Cool. I have always generally been a fan of Yamaha too, but don't see their pro amps mentioned much in the HT forums.


----------



## B- one (Jan 13, 2013)

willis7469 said:


> Brandon, there are 5 listed on fleabay right now. 200 ea. just in case you need more. Just sayin


I don't want anymore they wouldn't be as nice as the ones I found! Now a new sub or two maybe happening in the future!!:devil: we never usally crank the system to much as it's just to loud our space is roughly 12 by 16 so it's pretty easy to make it uncomfortable or as I like to call it time to go home for guests who can't handle it.:gulp: So I admit I can't really notice a difference, like klipsch are hard speakers to drive.


----------



## TheHills44060 (May 15, 2014)

Big fan of the Adcom. Very reliable, sounds good and can really be abused without falling apart. The pro amp route may be interesting especially for the price savings but I think you'd have to experiment around with some different options to see what you like.

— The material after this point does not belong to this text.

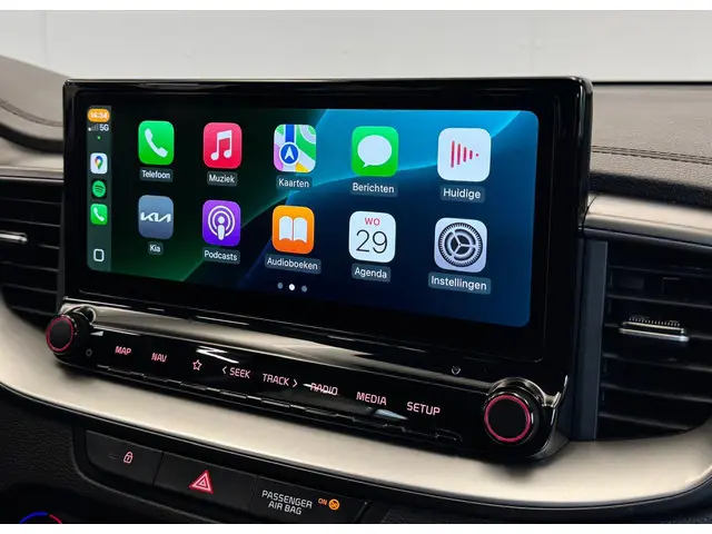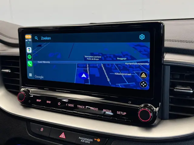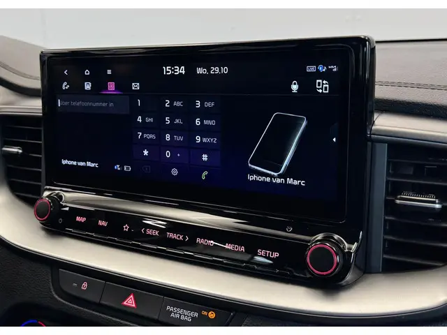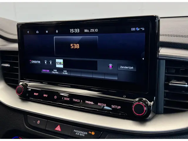 Met behulp van de achteruitrijcamera kunt u zo strak inparkeren als u maar wilt! Appen met uw auto? Geen probleem. U kunt van overal contact opnemen, de functies controleren en activeren. U bedient 'm met remote services. Een goede veiligheidsvoorziening is de spraakbediening en stuurbediening voor belangrijke functies. De auto is natuurlijk voorzien van een full map navigatiesysteem en het audiosysteem biedt glasheldere geluidskwaliteit dankzij DAB-ontvangst. Of het buiten nu warm is of koud, dankzij electronic climate control is het binnen altijd behaaglijk. Achter het stuur van deze Kia bent u niet alleen. De auto kijkt als het ware met u mee tijdens de rit. De regensensor schakelt de ruitenwissers in als het nodig is en de automatisch inschakelbare verlichting doet de lichten voor u aan. Ook is de Kia uitgerust met: automatisch dimmende binnenspiegel, lederen stuur, centrale deurvergrendeling met afstandsbediening en lederen versnellingspook.

I wouldn't touch an Emotiva with a 10 foot pole. You'd much better off sticking with the Onkyyo at that point.


----------



## willis7469 (Jan 31, 2014)

B- one said:


> I don't want anymore they wouldn't be as nice as the ones I found! Now a new sub or two maybe happening in the future!!:devil: we never usally crank the system to much as it's just to loud our space is roughly 12 by 16 so it's pretty easy to make it uncomfortable or as I like to call it time to go home for guests who can't handle it.:gulp: So I admit I can't really notice a difference, like klipsch are hard speakers to drive.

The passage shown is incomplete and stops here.